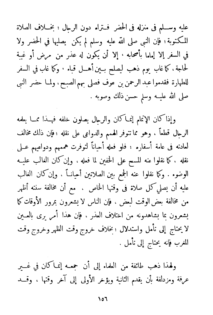 فِي مَنْزِلِهِ فِي الْحَضَرِ فَتَرَاهُ دُونَ الرِّجَالِ؛ بِخِلَافِ الصَّلَاةِ الْمَكْتُوبَةِ؛ فَإِنَّ النَّبِيَّ صَلَّى اللَّهُ عَلَيْهِ وَسَلَّمَ لَمْ يَكُنْ يُصَلِّيهَا فِي الْحَضَرِ وَلَا فِي السَّفَرِ إلَّا إمَامًا بِأَصْحَابِهِ إلَّا أَنْ يَكُونَ لَهُ عُذْرٌ مِنْ مَرَضٍ أَوْ غَيْبَةٍ لِحَاجَةِ كَمَا غَابَ يَوْمَ ذَهَبَ لِيُصْلِحَ بَيْنَ أَهْلِ قُبَاء وَكَمَا غَابَ فِي السَّفَرِ لِلطَّهَارَةِ فَقَدَّمُوا عَبْدَ الرَّحْمَنِ بْنَ عَوْفٍ فَصَلَّى بِهِمْ الصُّبْحَ وَلَمَّا حَضَرَ النَّبِيُّ صَلَّى اللَّهُ عَلَيْهِ وَسَلَّمَ حَسَّنَ ذَلِكَ وَصَوَّبَهُ. وَإِذَا كَانَ الْإِتْمَامُ إنَّمَا كَانَ وَالرِّجَالُ يُصَلُّونَ خَلْفَهُ فَهَذَا مِمَّا يَعْلَمُهُ الرِّجَالُ قَطْعًا وَهُوَ مِمَّا تَتَوَفَّرُ الْهِمَمُ وَالدَّوَاعِي عَلَى نَقْلِهِ؛ فَإِنَّ ذَلِكَ مُخَالِفٌ لِعَادَتِهِ فِي عَامَّةِ أَسْفَارِهِ؛ فَلَوْ فَعَلَهُ أَحْيَانًا لَتَوَفَّرَتْ هِمَمُهُمْ وَدَوَاعِيهِمْ عَلَى نَقْلِهِ كَمَا نَقَلُوا عَنْهُ الْمَسْحَ عَلَى الْخُفَّيْنِ لَمَّا فَعَلَهُ وَإِنْ كَانَ الْغَالِبُ عَلَيْهِ الْوُضُوءَ. وَكَمَا نَقَلُوا عَنْهُ الْجَمْعَ بَيْنَ الصَّلَاتَيْنِ أَحْيَانًا وَإِنْ كَانَ الْغَالِبُ عَلَيْهِ أَنْ يُصَلِّيَ كُلَّ صَلَاةٍ فِي وَقْتِهَا الْخَاصِّ مَعَ أَنَّ مُخَالَفَةَ سُنَّتِهِ أَظْهَرُ مِنْ مُخَالَفَةِ بَعْضِ الْوَقْتِ لِبَعْضِ فَإِنَّ النَّاسَ لَا يَشْعُرُونَ بِمُرُورِ الْأَوْقَاتِ كَمَا يَشْعُرُونَ بِمَا يُشَاهِدُونَهُ مِنْ اخْتِلَافِ الْعُذْرِ فَإِنَّ هَذَا أَمْرٌ يُرَى بِالْعَيْنِ لَا يَحْتَاجُ إلَى تَأَمُّلٍ وَاسْتِدْلَالٍ؛ بِخِلَافِ خُرُوجِ وَقْتِ الظُّهْرِ وَخُرُوجِ وَقْتِ الْمَغْرِبِ فَإِنَّهُ يَحْتَاجُ إلَى تَأَمُّلٍ. وَلِهَذَا ذَهَبَ طَائِفَةٌ مِنْ الْعُلَمَاءِ إلَى أَنَّ جَمْعَهُ إنَّمَا كَانَ فِي غَيْرِ عَرَفَةَ وَمُزْدَلِفَةَ بِأَنْ يُقَدِّمَ الثَّانِيَةَ وَيُؤَخِّرَ الْأُولَى إلَى آخِرِ وَقْتِهَا وَقَدْ
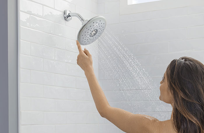The Spectra+ Touch showerhead from American Standard features industry-first technology that allows the user to change spray patterns with the simple touch of a finger on the outside ring of the fixture itself. This showerhead is offered in a standard 2.5 gpm model or a water-saving 1.8 gpm option that is WaterSense certified and CalGreen compliant.
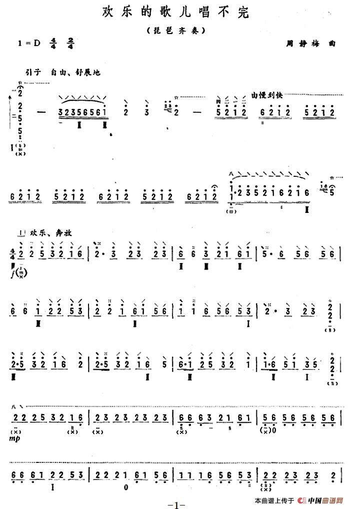 关于《欢乐的歌儿唱不完》曲谱的评论
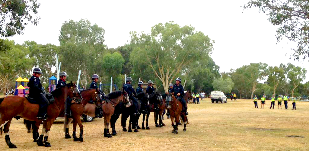 Police moved in to Matagarup (colonial name: Heirisson Island) yesterday, site of the Nyoongar Bibbulman Tent Embassy in Perth (Western Australia) — some fifty police, including a line of mounted police and dogs.
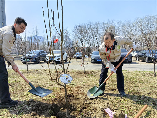 公司高層領(lǐng)導(dǎo)與各部門員工齊心協(xié)力,化身“護(hù)林人”,共同投入到這項綠色行動中。大家領(lǐng)取樹木,揮鍬鏟土、扶樹正苗、提水澆灌、掛心愿卡,一系列動作流暢而有序。經(jīng)過一番辛勤勞動,150株樹苗在和煦的春風(fēng)中昂然挺立,為這片土地注入新的生機(jī)與活力。
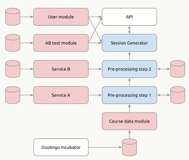 在系统设计之初,由于经常需要共享数据, Duolingo 的系统架构如下图所示:
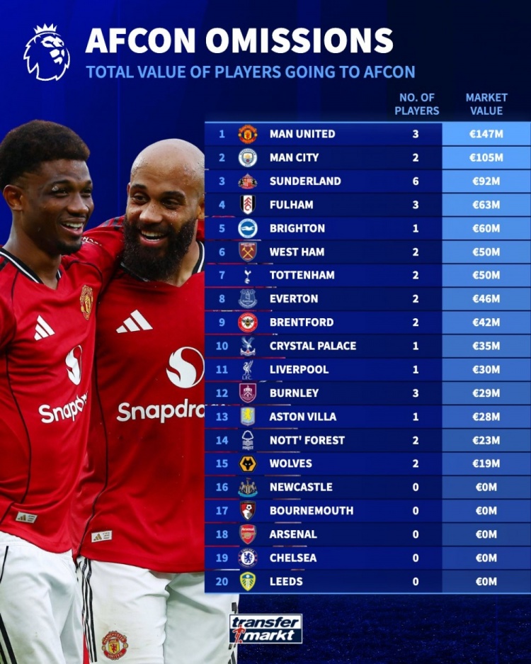 直播吧12月17日讯 非洲杯即将战火重燃,《转会市场》也统计了因为要参加非洲杯而离队的英超各队身价损失榜,曼联居首。

--------------------

## Task prompt
Restate the lines above from the one containing "The Spectra+ Touch" through the one containing "Police moved in", inclusive, exactly and without pictures.

## Exercise answer
The Spectra+ Touch showerhead from American Standard features industry-first technology that allows the user to change spray patterns with the simple touch of a finger on the outside ring of the fixture itself. This showerhead is offered in a standard 2.5 gpm model or a water-saving 1.8 gpm option that is WaterSense certified and CalGreen compliant.
 关于《欢乐的歌儿唱不完》曲谱的评论
 Police moved in to Matagarup (colonial name: Heirisson Island) yesterday, site of the Nyoongar Bibbulman Tent Embassy in Perth (Western Australia) — some fifty police, including a line of mounted police and dogs.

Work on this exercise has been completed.